A syllabus for the self-taught ML engineer
Curated links to free courses from Berkeley, MIT, Stanford, and others, organized by what you actually need to learn.

What it does This repo is a curated index of publicly available machine learning courses from top universities—Berkeley, MIT, Stanford, Columbia, Caltech—plus a few industry case studies. It maps out a full-stack path: computer science fundamentals, math, core ML theory, deep learning, and specializations from NLP to robotics. The maintainer marks foundational courses with :star: and links to video lectures where available.
The interesting bit Instead of dumping links, the README structures learning as decision trees. There’s a “Shortest Path to LLM / Agents” for the impatient, a “TL;DR” for basic ML engineering literacy, and then deep dives by topic. The maintainer also slips in their own reference solutions for some courses (CS182, CS224n), suggesting this is a living study guide, not just a bookmark list.
Key highlights
- Covers the full stack: CS fundamentals → math → AI/ML theory → engineering → specializations (vision, NLP, RL, robotics, foundation models)
- Includes practical infrastructure courses like Berkeley’s “Full Stack Deep Learning” and MIT’s “Missing Semester”
- Curated textbooks alongside courses (ESL, PRML, Bishop, etc.)

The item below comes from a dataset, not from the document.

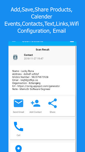 เครื่องสแกนโค้ด QR และเครื่องสแกนบาร์โค้ดสามารถสแกนข้อความอ่านและถอดรหัสสแกนเนอร์, ISBN, ผลิตภัณฑ์, ติดต่อ, ปฏิทิน, อีเมล, สถานที่, Wi-Fi และรูปแบบอื่น ๆ ของ QR & บาร์โค้ด หลังจากสแกนและถอดรหัสอัตโนมัติผู้ใช้จะได้รับเฉพาะตัวเลือกที่เกี่ยวข้องสำหรับแต่ละ QR หรือประเภทบาร์โค้ดและสามารถดำเนินการที่เหมาะสม ซึ่งแตกต่างจากผู้อื่นเรารู้ว่าข้อมูลใดที่เกี่ยวข้องกับผู้ใช้และการกระทำที่เป็นไปได้สามารถติดตามการสแกน QR หรือบาร์โค้ดประเภทต่าง ๆ ได้ที่สแกนเนอร์ QR Code & Barcode Scanner ยังมีอาร์เรย์เต็มรูปแบบของตัวเลือกการแชร์ กับเพื่อนและคนอื่น ๆ ของคุณโดยใช้วิธีการติดต่อโดยตรงหรือเครือข่ายสังคมที่มีชื่อเสียง (Facebook, Twitter, WhatsApp ... ) |

- Industry case studies section for applied context
- CC0 license, actively maintained (last-commit badge visible)
Caveats
- Some sections in the README appear truncated (the “Machine Learning” courses list cuts off mid-entry)
- No clear indication of how often course links are validated—university course pages rot
- The “awesome list” format means minimal original content; value is entirely in curation
Verdict Worth bookmarking if you’re self-studying ML and tired of forum threads arguing about which Stanford course to take first. Skip it if you already have a curriculum or want depth beyond syllabi and video links.